We may be months away from Election Day, but in states fighting legal battles over newly minted voter-ID laws, time is short. These laws, which require residents to show government-issued identification to vote, have been shown to disenfranchise poor and minority voters in the first place. But as I've written before, the timeframe for implementing them poses another major problem; just look at Pennsylvania, where volunteers and activists are rushing to inform residents about a voter-ID law passed in March. The fact is, comprehensive voter-education efforts can hardly be conducted in two months. It is this basic issue-whether there is enough time to properly implement voter-ID laws before November 6-that has kept voter-ID from going into effect in many states.
But in Wisconsin, Attorney General J.B. Van Hollen is hoping there's still time for one last full-court press to rescue the state's strict voter-ID law. State courts in two different cases-one brought by the League of Women Voters, the other by the Milwaukee NAACP-have already ruled that it violated the state constitution. Normally, at this point the attorney general would file an appeal to the state Court of Appeals, which kicks off a lengthy process. Then, only after the appeals court had made its ruling would the case go to the state Supreme Court (assuming one side wanted to take the case further). Given that currently there are two separate challenges to the law, that would likely happen twice. In short, there's almost no way the state could fully and fairly implement the law by Election Day.
But Van Hollen has nonetheless asked the state Supreme Court to bypass the Court of Appeals and take the case directly. He also wants two different cases against the voter-ID law consolidated so that things can move more quickly. Finally, while court proceedings continue, the attorney general wants the Supreme Court to suspend the rulings from the lower courts and allow the law to go into effect immediately.
Why? It's all "in a determined effort to ensure the law will be in place for the November 6, 2012, general election."
Van Hollen has asked the state Supreme Court to fast-track the cases before, when they were still being heard in the lower courts. The Supreme Court refused.
The lower-court judges wrote strongly worded opinions against the law. In the case brought by the League of Women Voters, the judge determined that the photo-ID requirement "impermissibly eliminate[d] the right of suffrage altogether for certain constitutionally qualified electors." In the NAACP case, the court found that more than 9 percent of registered voters in the state lacked the necessary ID-over 300,000 people statewide; the judge also pointed to the lack of fallback plans for those who could not obtain an ID, and noted that elderly and African American voters would be disproportionately affected. Both judges granted injunctions.

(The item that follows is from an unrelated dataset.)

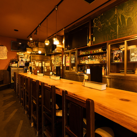 【サクッと一杯、おひとり様も大歓迎!ふらっと立ち寄れる気軽なカウンター席をご用意】西荻窪駅から徒歩2分。ペッコリーノのカウンター席は、お仕事帰りの一杯や2軒目利用にぴったり。名物「イタとん」や「腹ペコポテサラ」などのおつまみと一緒に、気軽に一人飲みを楽しめる居心地の良い空間です。
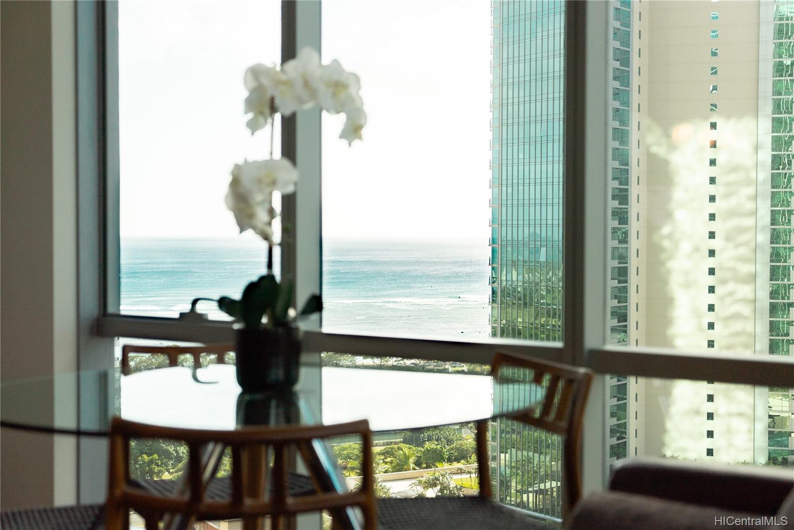 1,069 sf corner unit 2 bed, 2 bath, 2 parking with perfect location in walking distance to Ala Moana Shopping Center, Beach Park and Ward Village. This unit was bought and rarely used by the original owner and is in like new condition. Enjoy beautiful mauka, city and peekaboo ocean views from floor to read more ceiling glass windows with motorized blinds and luxury finishes throughout. Unit is furnished with Inspiration furniture and is negotiable with sale. Waihonua comes with a full package of luxury amenities including beautifully designed pool deck, jacuzzi, BBQ areas, movie theater, fitness center, yoga room, private dining and lounge areas for residents exclusive use. Bike storage, surfboard storage and EV chargers available.

Besides those concerns, now there's an even more pressing reason to stop the law from going into effect: There's simply not enough time left to implement it.
"The time factor alone is reason for the Supreme Court to not put this thing back in limbo," says Denise Lieberman, a staff attorney with the Advancement Project, a voting-rights group. The Advancement Project and the ACLU have filed a federal lawsuit against the photo-ID law, but given that state courts have already suspended the law, they have put their challenge on hold. But if the Supreme Court decides to hear the case, Lieberman says the federal suit will move forward. But even at a breakneck pace, says Lieberman, it will take time for the both sides to collect the necessary evidence, and more time for the court to hear the case and write an opinion. She estimates there is little chance the Supreme Court could decide the case sooner than a month from now. That would leave scant time for voter outreach and education should the court rule the law can move forward.

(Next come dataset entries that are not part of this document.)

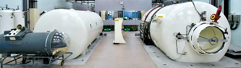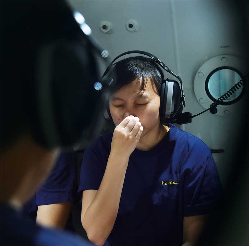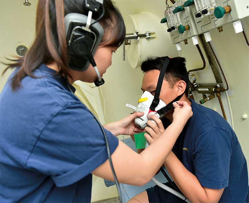 Except that no one's actually getting wet. Air is pumped into the airtight cylinder to simulate a 10m dive underwater. Hyperbaric attendants, who accompany patients in the chamber for treatment, must be able to withstand the pressure changes of "diving" down and back up.
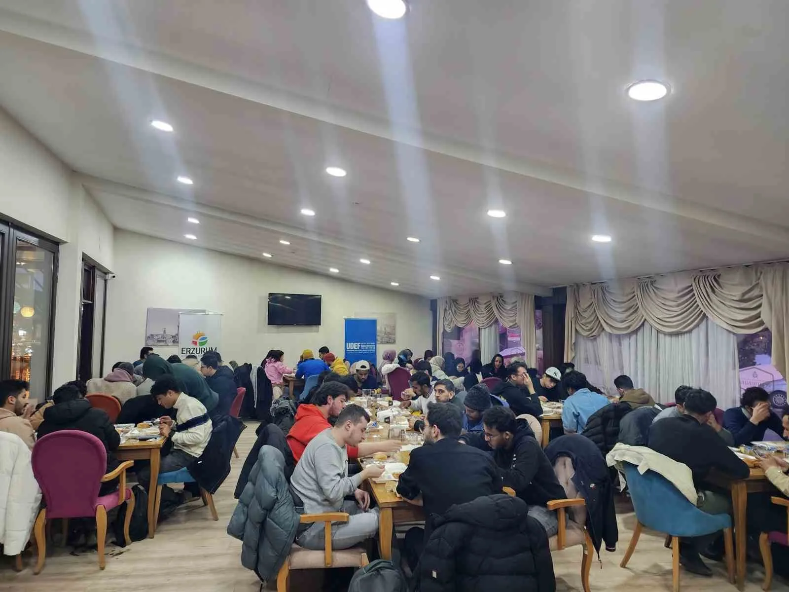 RAMAZAN AYININ MANEVİ İKLİMİNİN HER YERİ SARDIĞI BU GÜNLERDE ERZURUM’DA OKUYAN ULUSLARARASI ÖĞRENCİLER İFTAR SOFRASINDA BİR ARAYA GELDİLER.
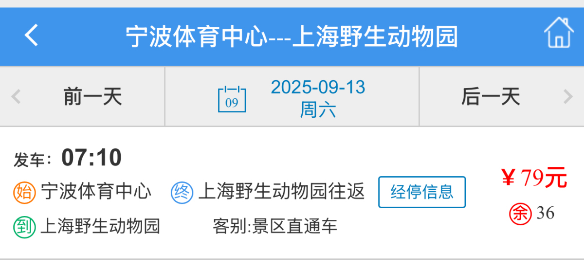上海野生动物园直通车(9月13日、14日发班)时刻为:

The problem is compounded by the fact that voter outreach organizations will have to do an about face if the Supreme Court upholds the law. The law has been suspended since early March, when Judge David Flanagan ordered the state Government Accountability Board to "cease immediately any effort to enforce or implement the photo identification requirements" before the trial began. Dara Lindenbaum, associate counsel to the Lawyers Committee for Civil Rights, notes that for months, her group and others have told people that they do not need to bring an ID to the polls. If the lower court's decision gets reversed, they'll have little time to inform voters of the change. Furthermore, poll workers will have to learn the ins and outs of the new requirements in short time; Lindenbaum said some voters who called her organization's hotline reported being improperly asked for ID.
"Having this decided this close to the election is a terrible idea," says Lindenbaum. "This really needs to be put on hold."
The reason Republicans want to have the law in place before November has everything to do with gaining a partisan advantage. Since the requirements disproportionately have an impact on nonwhite and low-income voters-those more likely to vote Democratic-GOP lawmakers hope it will give them a boost at the polls. With close elections, every percentage point matters, and Wisconsin is already a battleground state in a tight presidential race.
Strict voter-ID laws are already laden with political implications-most people know that on the whole, Republicans like the laws and Democrats don't. But their partisan effects will only grow if there's not enough time to educate voters. Such politics are yet another reason for the Supreme Court to refuse to hear the case, says Lieberman. Any decision at such a late stage would look politically motivated. "The issue is too politicized in a state like Wisconsin to be able to pretend that the political implications are not there," she says. "There's no way the court is going to be able to shake the sort of political stench that's going to be attached to it."